INPUT RECORDS =>
--

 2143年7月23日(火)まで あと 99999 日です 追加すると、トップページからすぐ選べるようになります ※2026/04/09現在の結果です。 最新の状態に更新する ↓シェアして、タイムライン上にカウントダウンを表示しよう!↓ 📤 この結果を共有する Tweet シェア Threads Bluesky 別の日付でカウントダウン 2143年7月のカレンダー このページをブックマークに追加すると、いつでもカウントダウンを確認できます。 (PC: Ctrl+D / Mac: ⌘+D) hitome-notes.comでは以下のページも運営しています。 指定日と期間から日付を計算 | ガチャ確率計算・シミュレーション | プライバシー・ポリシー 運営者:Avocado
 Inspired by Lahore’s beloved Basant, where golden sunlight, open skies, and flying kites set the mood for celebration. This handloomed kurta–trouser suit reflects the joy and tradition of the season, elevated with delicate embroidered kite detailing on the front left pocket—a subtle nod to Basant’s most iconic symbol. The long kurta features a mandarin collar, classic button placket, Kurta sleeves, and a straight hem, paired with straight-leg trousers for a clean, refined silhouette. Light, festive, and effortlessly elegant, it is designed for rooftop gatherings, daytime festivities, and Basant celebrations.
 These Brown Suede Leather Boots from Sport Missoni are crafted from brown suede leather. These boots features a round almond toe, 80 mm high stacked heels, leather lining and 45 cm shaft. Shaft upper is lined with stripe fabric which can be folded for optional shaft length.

--

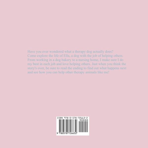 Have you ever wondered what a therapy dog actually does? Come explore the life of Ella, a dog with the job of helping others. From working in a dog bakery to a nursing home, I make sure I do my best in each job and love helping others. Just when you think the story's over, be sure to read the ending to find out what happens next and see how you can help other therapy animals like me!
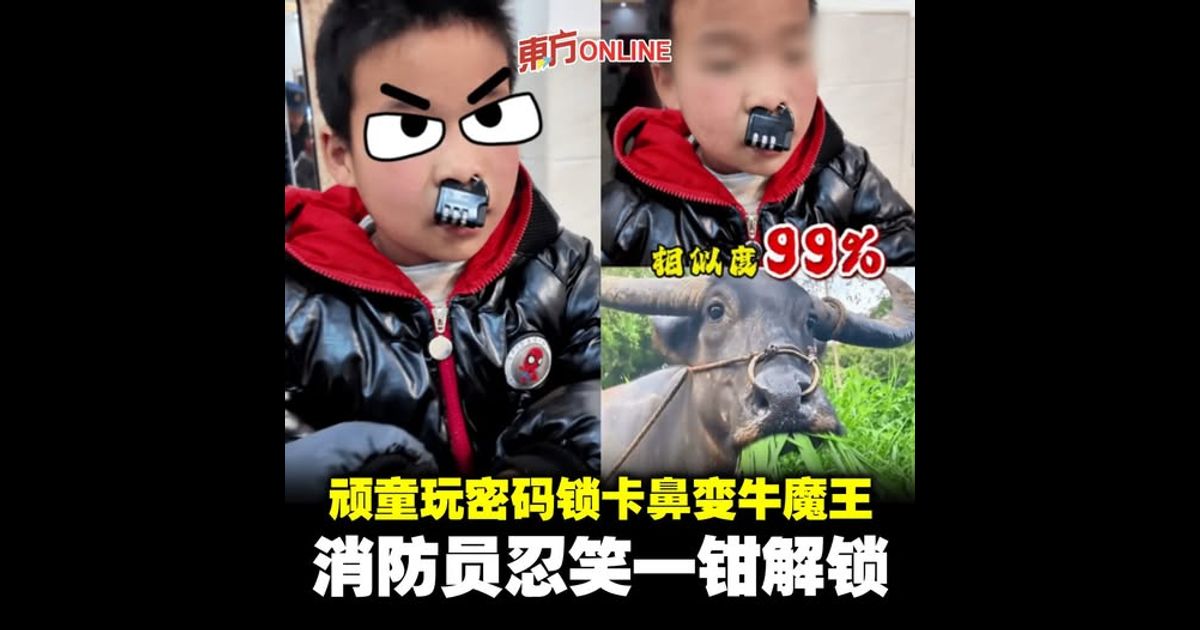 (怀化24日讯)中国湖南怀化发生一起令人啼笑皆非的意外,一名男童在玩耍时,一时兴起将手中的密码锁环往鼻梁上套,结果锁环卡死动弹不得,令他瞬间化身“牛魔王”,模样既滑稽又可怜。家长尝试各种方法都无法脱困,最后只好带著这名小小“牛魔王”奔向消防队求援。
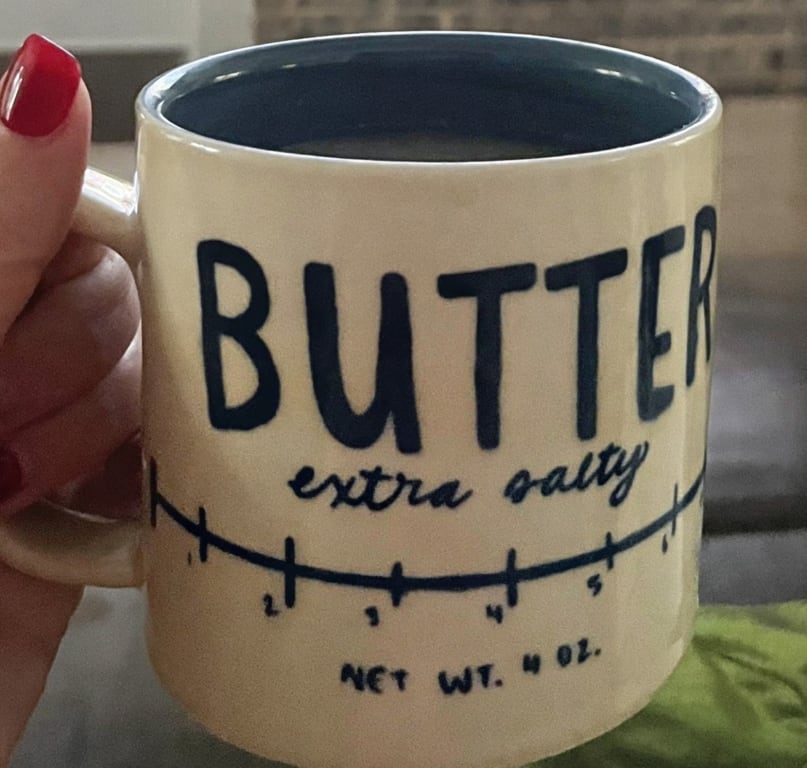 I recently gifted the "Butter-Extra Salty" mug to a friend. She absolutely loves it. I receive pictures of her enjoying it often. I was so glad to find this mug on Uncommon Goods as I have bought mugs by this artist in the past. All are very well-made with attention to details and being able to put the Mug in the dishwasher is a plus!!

--

Repeat, exactly as they stand above, the lines from the line with "2143年7月23日(火)まで あと 99999" to the line with "These Brown Suede", both lines included.

EXERCISE RESULT =>
 2143年7月23日(火)まで あと 99999 日です 追加すると、トップページからすぐ選べるようになります ※2026/04/09現在の結果です。 最新の状態に更新する ↓シェアして、タイムライン上にカウントダウンを表示しよう!↓ 📤 この結果を共有する Tweet シェア Threads Bluesky 別の日付でカウントダウン 2143年7月のカレンダー このページをブックマークに追加すると、いつでもカウントダウンを確認できます。 (PC: Ctrl+D / Mac: ⌘+D) hitome-notes.comでは以下のページも運営しています。 指定日と期間から日付を計算 | ガチャ確率計算・シミュレーション | プライバシー・ポリシー 運営者:Avocado
 Inspired by Lahore’s beloved Basant, where golden sunlight, open skies, and flying kites set the mood for celebration. This handloomed kurta–trouser suit reflects the joy and tradition of the season, elevated with delicate embroidered kite detailing on the front left pocket—a subtle nod to Basant’s most iconic symbol. The long kurta features a mandarin collar, classic button placket, Kurta sleeves, and a straight hem, paired with straight-leg trousers for a clean, refined silhouette. Light, festive, and effortlessly elegant, it is designed for rooftop gatherings, daytime festivities, and Basant celebrations.
 These Brown Suede Leather Boots from Sport Missoni are crafted from brown suede leather. These boots features a round almond toe, 80 mm high stacked heels, leather lining and 45 cm shaft. Shaft upper is lined with stripe fabric which can be folded for optional shaft length.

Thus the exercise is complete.